Return, unchanged and with no pictures, the lines below from the very first through the one that contains "4-Piece Set, Men’s".

(Saved entries)
┄┄┄┄┄┄┄┄┄┄┄┄┄┄┄┄┄┄┄┄
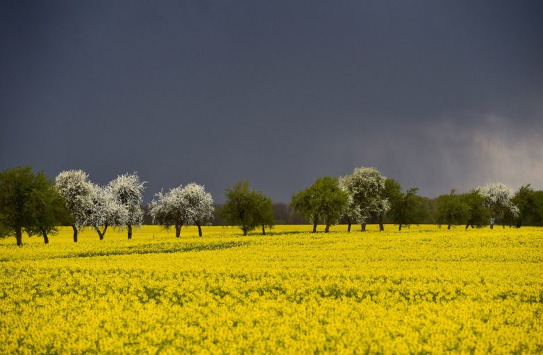 Тучи над рапсовым полем в Германии, 14 апреля 2014.
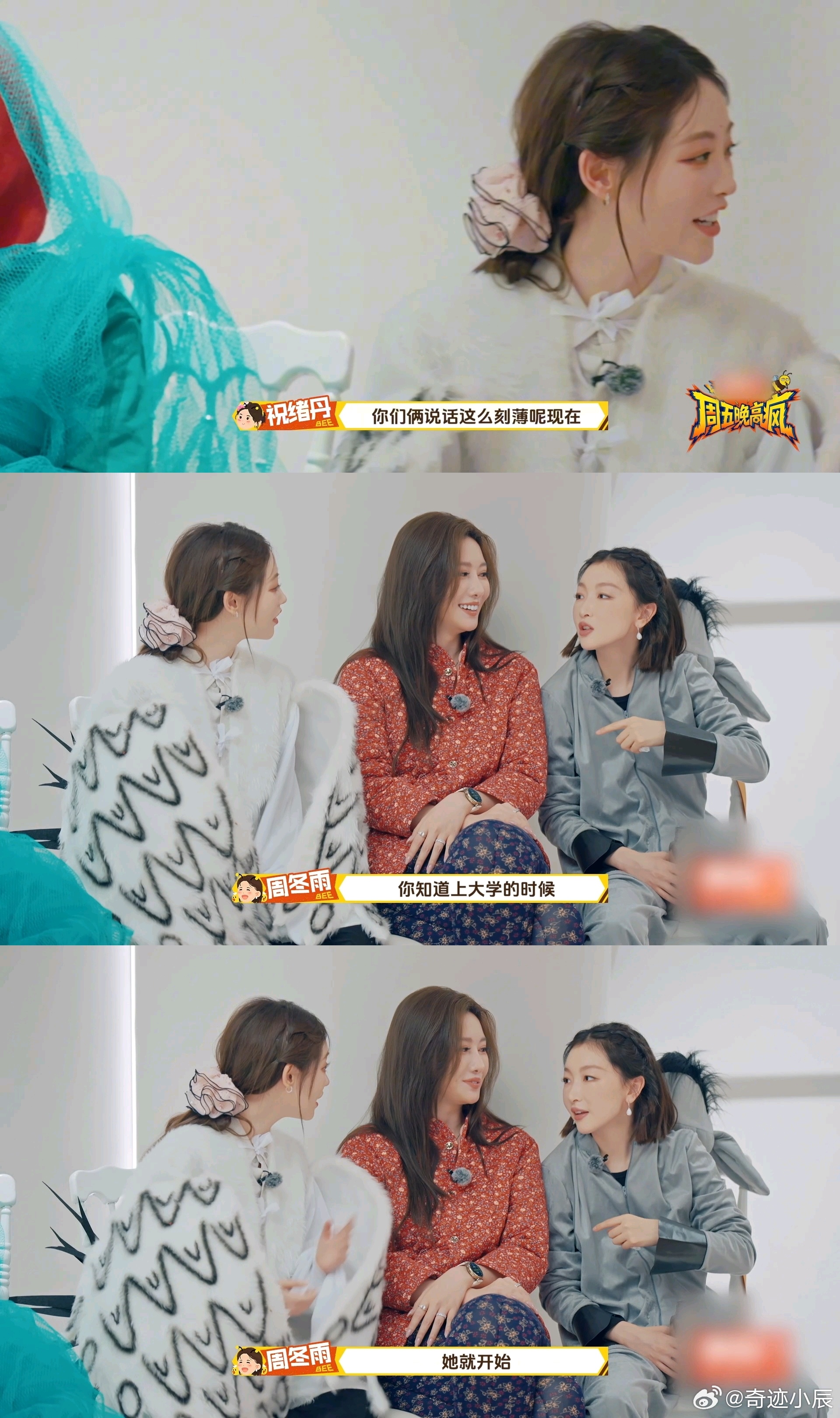 祝绪丹问吴优怎么增肥10斤 祝绪丹追着吴优问增肥法,周冬雨补刀引爆笑,三人互怼名场面,周五晚高疯 这综艺也太欢乐了!
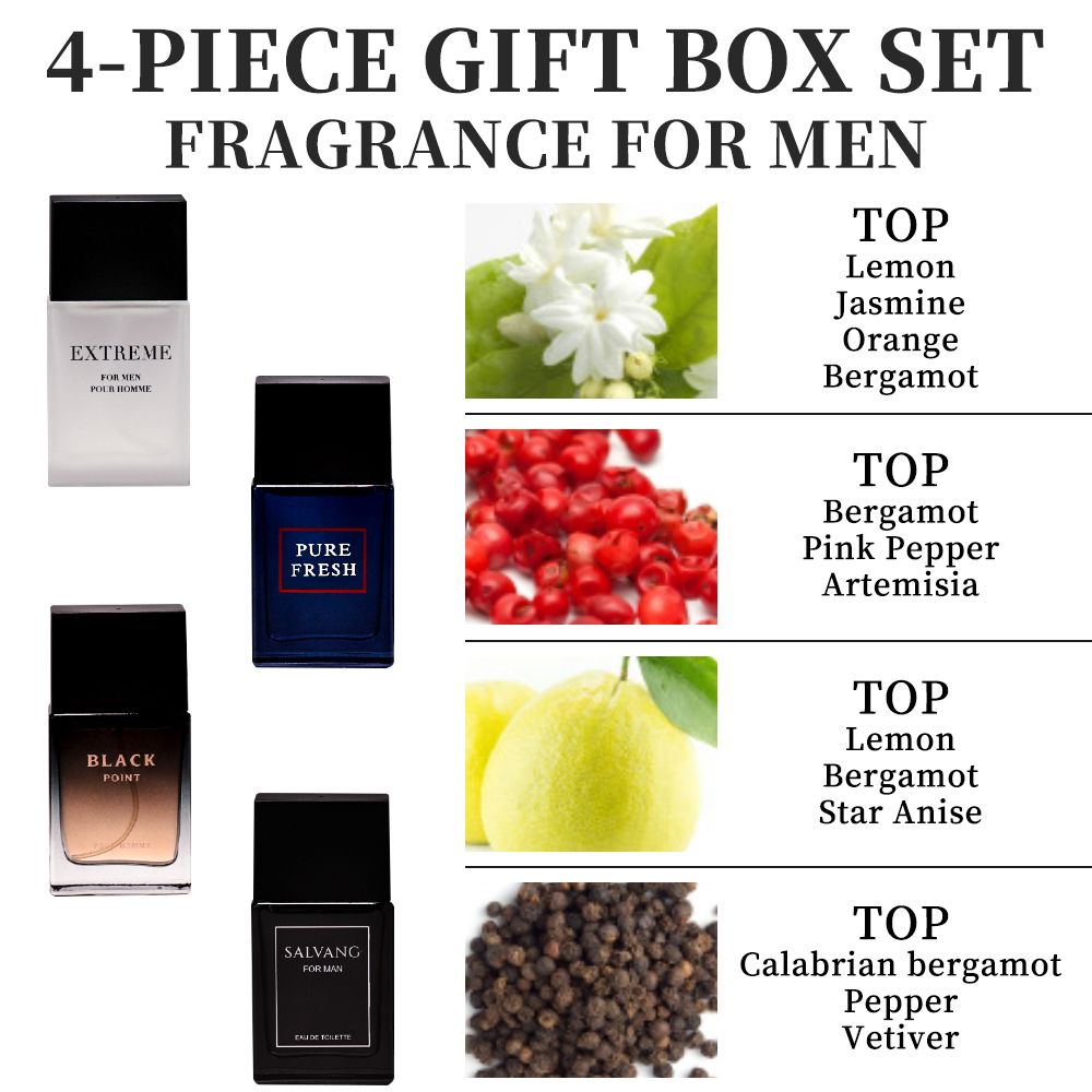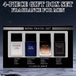 4-Piece Set, Men’s Eau De Toilette Spray Gift Box, Long Lasting Fragrance, 4 Different Flavor, Perfect For Holiday Gifts, Dating, Daily Life, Parties, 1.02 Fl Oz/bottle
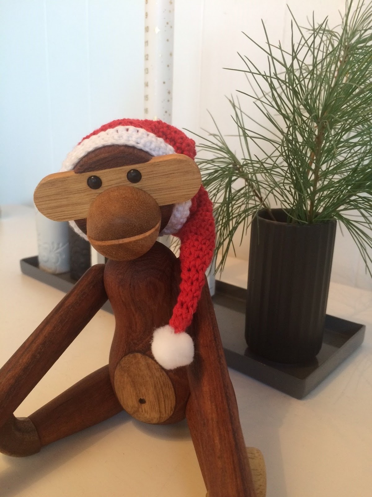 Bl.a har jeg fået hæklet en nissehue til min abe, så nu er også denne klar til jul.
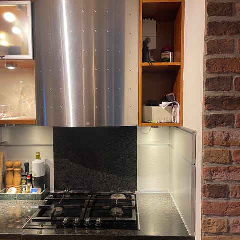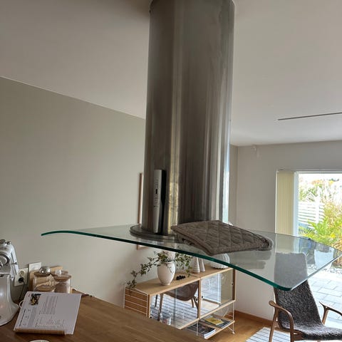 helt nyt i förpackning. Stålfärgad väggmonterad köksfläkt
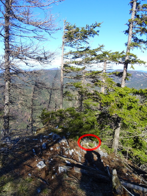 Da der eigentliche „Gipfel“ im dichten Wald versteckt ist, findet sich der Cache wenige Meter entfernt an prominenterer Stelle an den eindrucksvollen Nordabstürzen ins Myratal (Spoiler). Im Inneren des Berges betreibt die GeoSphere Austria das Conrad Observatorium.
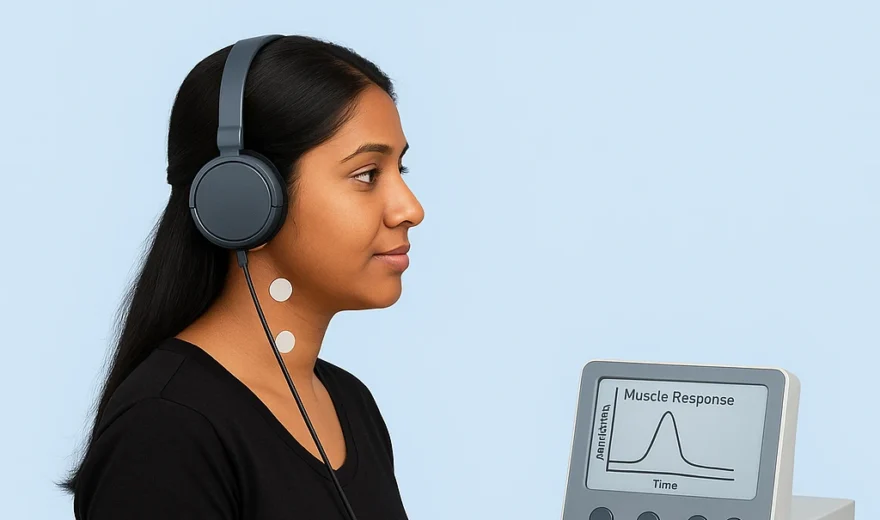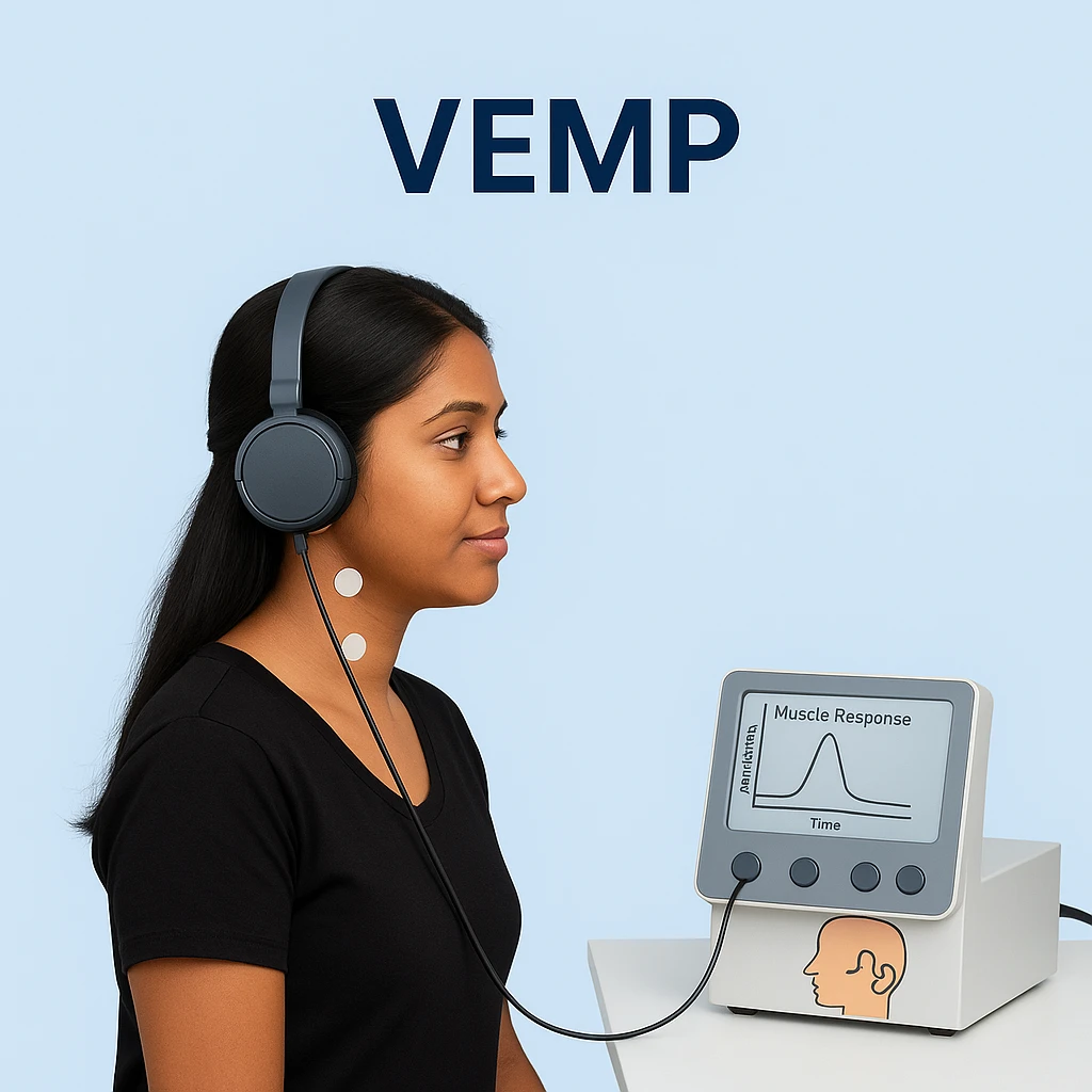 Denoc Hearing offers Vestibular Evoked Myogenic Potential (VEMP) testing, a safe, non-invasive procedure to assess the inner ear's balance structures.
┄┄┄┄┄┄┄┄┄┄┄┄┄┄┄┄┄┄┄┄
◆ **Answer below**
 Тучи над рапсовым полем в Германии, 14 апреля 2014.
 祝绪丹问吴优怎么增肥10斤 祝绪丹追着吴优问增肥法,周冬雨补刀引爆笑,三人互怼名场面,周五晚高疯 这综艺也太欢乐了!
 4-Piece Set, Men’s Eau De Toilette Spray Gift Box, Long Lasting Fragrance, 4 Different Flavor, Perfect For Holiday Gifts, Dating, Daily Life, Parties, 1.02 Fl Oz/bottle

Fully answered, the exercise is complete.